Answer the following questions based on Chapter 5: Text Generation from *Natural Language Processing with Transformers*.

**Question 1 (2 points):** Explain how autoregressive (causal) language models like GPT-2 generate text. What is conditional text generation, and how does the chain rule of probability factor into the text generation process? Be specific about how the model predicts each token.

📝 **YOUR ANSWER HERE:**

**Question 2 (2 points):** Why do we use log probabilities instead of regular probabilities when scoring sequences in text generation? Explain the numerical stability problem that arises with regular probabilities and how log probabilities solve it. Include a brief discussion of the mathematical transformation involved.

📝 **YOUR ANSWER HERE:**

**Question 3 (2 points):** Compare and contrast greedy search decoding with beam search decoding. What are the advantages of beam search over greedy search? What problem do both methods share, and how can the `no_repeat_ngram_size` parameter help address it?

📝 **YOUR ANSWER HERE:**

**Question 4 (2 points):** Explain the role of the temperature parameter in sampling-based text generation. How does temperature affect the probability distribution over tokens? What happens when temperature is very low (T << 1) versus very high (T >> 1), and what are the trade-offs in terms of text quality?

📝 **YOUR ANSWER HERE:**

**Question 5 (2 points):** Describe top-k and nucleus (top-p) sampling methods.

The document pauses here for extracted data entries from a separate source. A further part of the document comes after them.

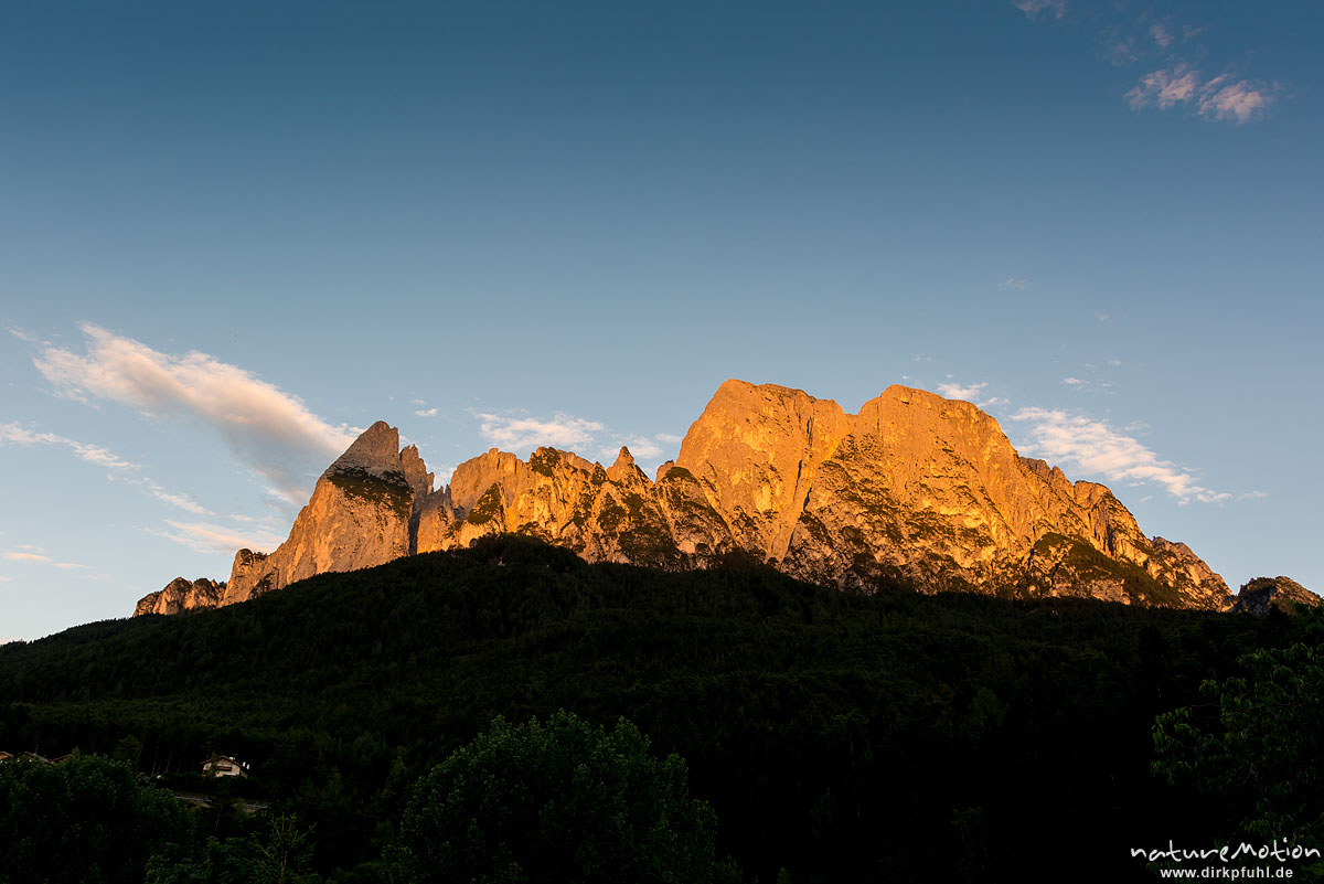 Schlern im Abendlicht, Alpenglühen, Völs am Schlern, Südtirol, Italien
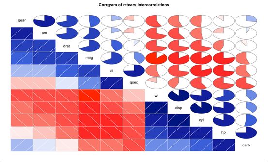 折线图和散点图中的变量关系都只能靠我们自己定性判断,如果要得到定量的相关关系,该怎么办?相关图可以解决这个问题,下面是一个简单的例子,主要用到的函数为corrgram()。由于我们还没接触到R中的数据分析,这个图形的具体含义就不给大家解释了,在紧接着的几次讲完统计分析之后,再给大家补充这部分内容。
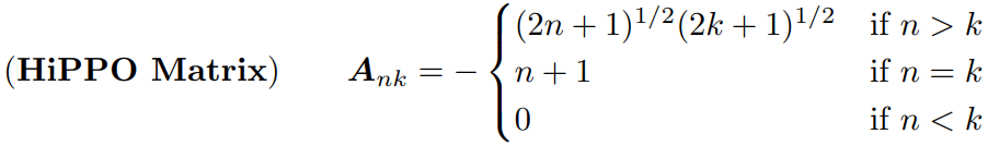 HiPPO를 행렬의 형태로 구현하여 SSM에 적용하면 SSM의 성능을 향상할 수 있다. (A = HiPPO matrix)

How do they differ in how they restrict the vocabulary for sampling? According to the textbook, which decoding methods should you use for tasks that require factual correctness (like summarization) versus tasks that benefit from creativity (like story generation)?

📝 **YOUR ANSWER HERE:**

## Part 1 - Decoding Strategies Comparison (10 points)

In this part, you'll experiment with different decoding strategies to see how they affect generated text quality and diversity.

**Tasks:**
1. Load a text generation model (e.g., GPT-2 or a Llama model like "unsloth/Llama-3.2-3B-Instruct-bnb-4bit")
2. Create an interesting prompt for text generation (e.g., a story opening, a technical explanation, or a dialogue start)
3. Generate text using at least 5 different decoding configurations:
   - Greedy search (do_sample=False)
   - Beam search with num_beams=5
   - Beam search with no_repeat_ngram_size=2
   - Sampling with temperature=0.5
   - Sampling with temperature=1.5
   - Top-k sampling (top_k=50)
   - Nucleus sampling (top_p=0.9)
   
4. For each generated text:
   - Display the full generated text
   - Calculate and display the sequence log probability
   - Comment on the coherence, diversity, and quality
   
5. Write a summary (3-4 paragraphs) comparing the different decoding strategies. Which produced the most coherent text? Which was most creative? Which would you choose for different use cases?

In [None]:
# YOUR CODE HERE
# Load model and tokenizer

In [None]:
# YOUR CODE HERE
# Define functions for log probability calculation (similar to textbook examples)

In [None]:
# YOUR CODE HERE
# Experiment with different decoding strategies

📝 **YOUR COMPARISON SUMMARY HERE:**

## Part 2 - Extending the Conversation Class with Decoding Parameters (8 points)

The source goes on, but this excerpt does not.